Beantwoording vragen Peters over het rapport van AIHRC en UNAMA over de slag
bij Chora
07-11-2007 | Kamerstuk | Nederlands Ministerie van Buitenlandse Zaken
In bijlage bieden wij u de antwoorden aan op de schriftelijke vragen
van het lid Peters over het rapport van AIHRC en UNAMA over de slag
bij Chora (Ingezonden 23 oktober 2007, Kenmerk 2070803200).

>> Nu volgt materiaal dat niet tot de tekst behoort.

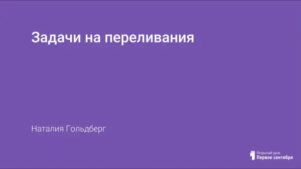 Задачи на переливания – одна из традиционных тем, которые предлагаются учащимся на различных математических конкурсах и олимпиадах. Они доступны большому кругу детей, вызывают неизменный интерес и вызывает стремление детей к более глубокому изучению математики.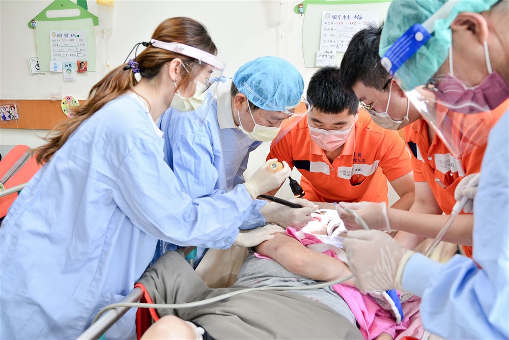 「拜託! 拜託!」、「感恩! 感恩!」、「對!對!對!太棒了!」⋯⋯為了讓插管的長者們願意張口洗牙,除了醫師耐心地安撫溝通、志工協助或打燈或翻身,加上院方照護人員專業的口腔按摩,多人通力合作,就是為了確實維護每一位住民的口齒健康。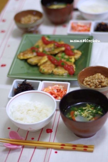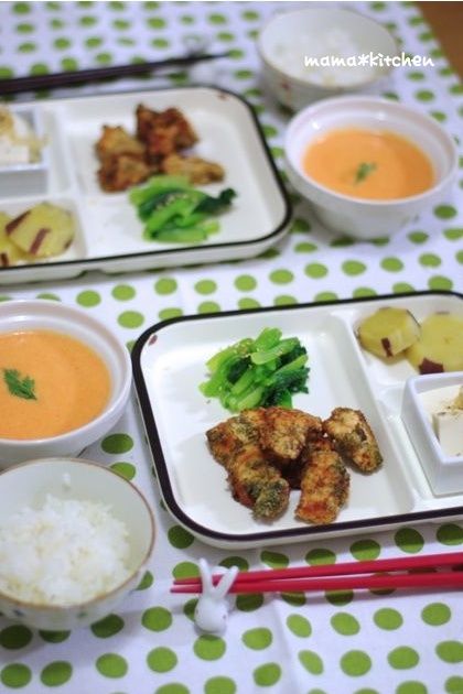 2012-12-12 09:11:10 鶏の磯辺揚げのお夕飯。フォトブックようやく!! おはようございます♪お夕飯です~!メインは、鶏の磯辺揚げです。今日はむね肉で作りました♪海苔の香りが、と~ってもいい感じですねヽ(*´∀`)ノとっても簡単ですが。。レシピはこちらです^^ 鶏肉の磯辺揚げ by Mayu*サツマイモと、小松菜のお浸し、冷や奴。人参ポター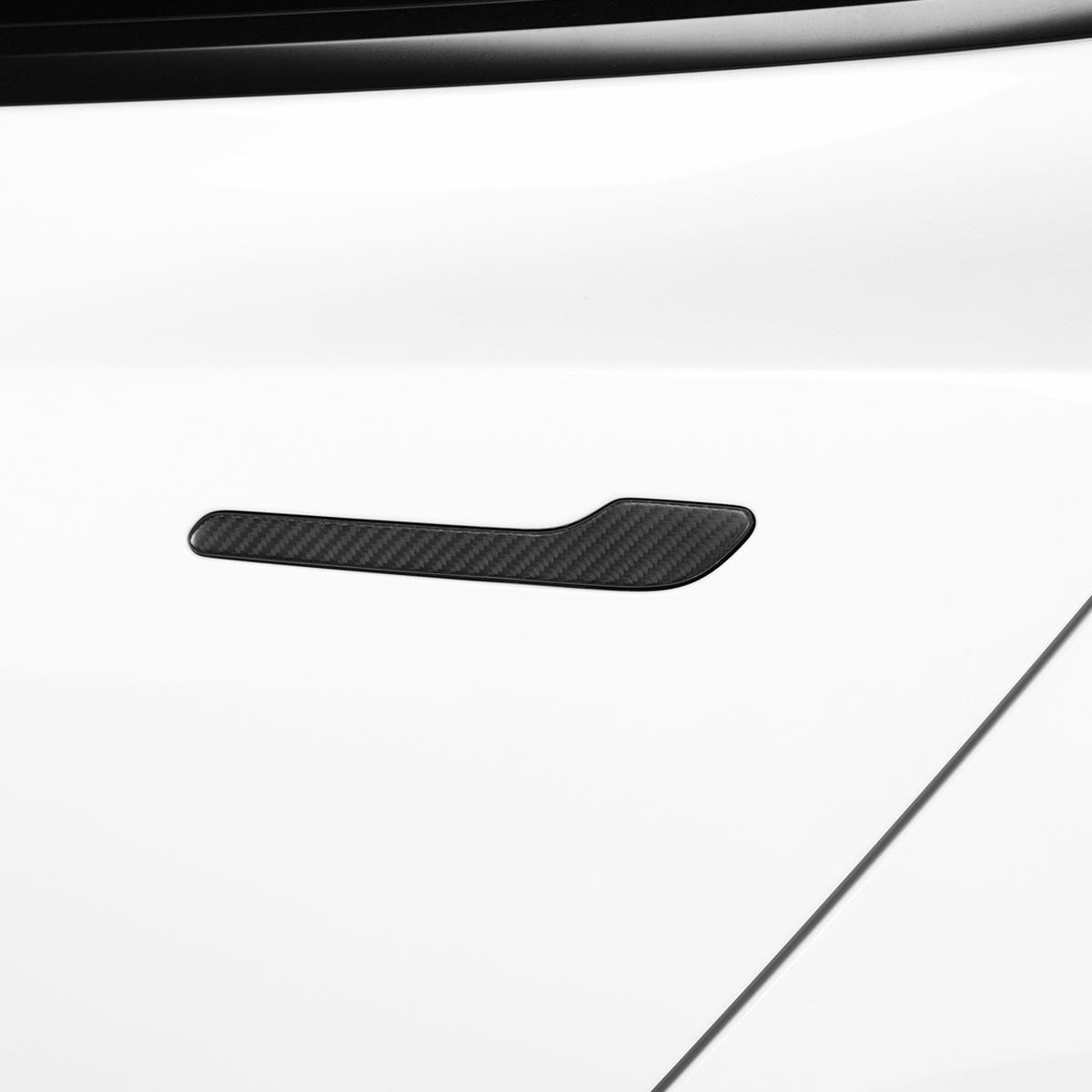 Real Molded Matte Carbon Fiber Door Handle Overlay Covers 4Pcs for Tesla Model 3 2023-2024 Highland - PimpMyEV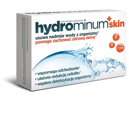 Suplement diety Hydrominum + skin zawiera naturalne składniki wspomagające eliminację wody z organizmu (wyciąg z ziela pokrzywy)oraz proces oczyszczania i fizjologiczną detoksykację (wyciąg z mniszka lekarskiego). Ponadto składniki produktu wspomagają odchudzanie (wyciąg z owocu opuncji figowej) i ułatwiają redukcję cellulitu (wyciąg z nasion winogron). Aby dodatkowo zachować zdrową skórę receptura produktu została wzbogacona o cynk i witaminę A.

De minister van Buitenlandse Zaken,
drs. M.J.M. Verhagen
De minister van Defensie,
E. van Middelkoop
De minister voor Ontwikkelingssamenwerking,
drs. A.G. Koenders
2070803200
Antwoorden van de minister van Buitenlandse Zaken, de heer Verhagen,
de minister van Defensie, de heer van Middelkoop en de minister voor
Ontwikkelingssamenwerking, de heer Koenders op vragen van het lid
Peters (GroenLinks) over het rapport van AIHRC en UNAMA over de slag
bij Chora, Uruzgan. (Ingezonden 23 oktober 2007)
Vraag 1
Hebt u kennis genomen van het bericht dat Nederlandse militairen
oorlogsmisdaden hebben begaan in Uruzgan? 1)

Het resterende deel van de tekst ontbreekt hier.